▶ _Action item_:
Make an exact copy of the entries, taking out every picture.

---- Data for the task

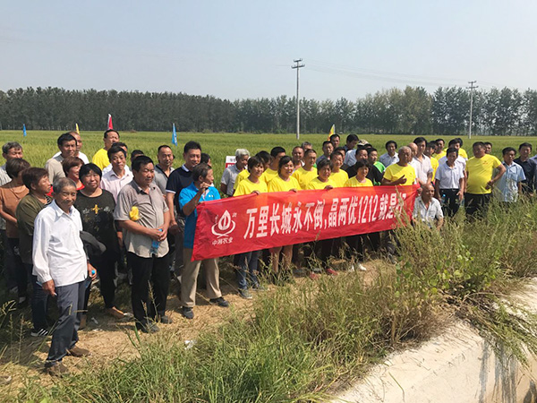 其中有一位種植戶說:“這塊田保守估計(jì)畝產(chǎn)1700斤應(yīng)該沒有問題”。大家看過之后都表示明年要賣這個(gè)品種。晶兩優(yōu)1212分蘗超強(qiáng)、抗病抗倒強(qiáng),最主要是米質(zhì)還好,老百姓種了肯定效益好。最后大家積極踴躍地和美田合影留念。
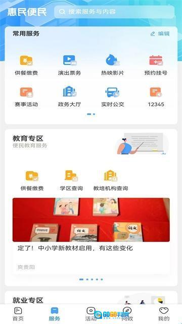 2、点击“服务”板块,您将进入便民服务专区,涵盖了各种实用服务功能,方便您随时获取与生活相关的便民信息。
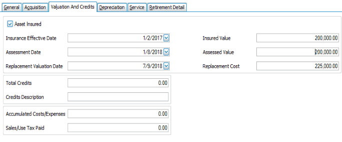 - Enter the amount the asset is insured for in the Insured Value field, the assessed value of the asset into the Assessed Value field, and the cost to replace the asset into the Replacement Cost field.
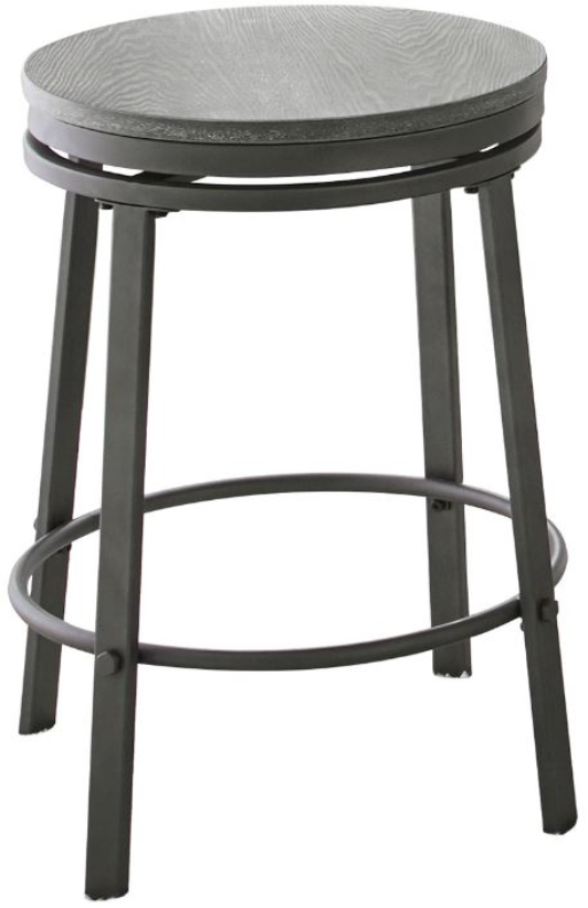 Mixed media counter set with compact design and stylish gray finish. Portland features swivel counter stools with stretchers for added strength and comfort and the round dining table fits well in any dining setting.Read More
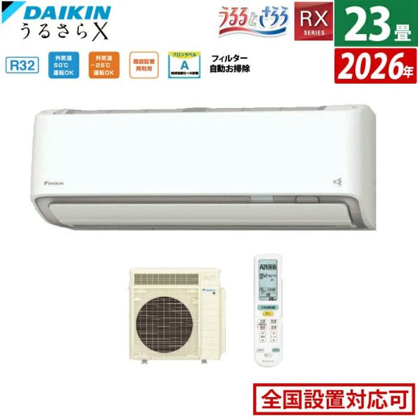 他の画像を見る 設置申込可!送料無料・アフター対応 エアコン 23畳用 ダイキン 7.1kW 200V RXシリーズ うるるとさらら うるさらX 2026年モデル S716ATRV-C-SET ベージュ 室外電源モデル 当店特別価格 ¥ 303,600 税込 設置申込可!送料無料・アフター対応 詳細を見る お気に入りに登録する

--------

▶ _Answer to this problem_:
 其中有一位種植戶說:“這塊田保守估計(jì)畝產(chǎn)1700斤應(yīng)該沒有問題”。大家看過之后都表示明年要賣這個(gè)品種。晶兩優(yōu)1212分蘗超強(qiáng)、抗病抗倒強(qiáng),最主要是米質(zhì)還好,老百姓種了肯定效益好。最后大家積極踴躍地和美田合影留念。
 2、点击“服务”板块,您将进入便民服务专区,涵盖了各种实用服务功能,方便您随时获取与生活相关的便民信息。
 - Enter the amount the asset is insured for in the Insured Value field, the assessed value of the asset into the Assessed Value field, and the cost to replace the asset into the Replacement Cost field.
 Mixed media counter set with compact design and stylish gray finish. Portland features swivel counter stools with stretchers for added strength and comfort and the round dining table fits well in any dining setting.Read More
 他の画像を見る 設置申込可!送料無料・アフター対応 エアコン 23畳用 ダイキン 7.1kW 200V RXシリーズ うるるとさらら うるさらX 2026年モデル S716ATRV-C-SET ベージュ 室外電源モデル 当店特別価格 ¥ 303,600 税込 設置申込可!送料無料・アフター対応 詳細を見る お気に入りに登録する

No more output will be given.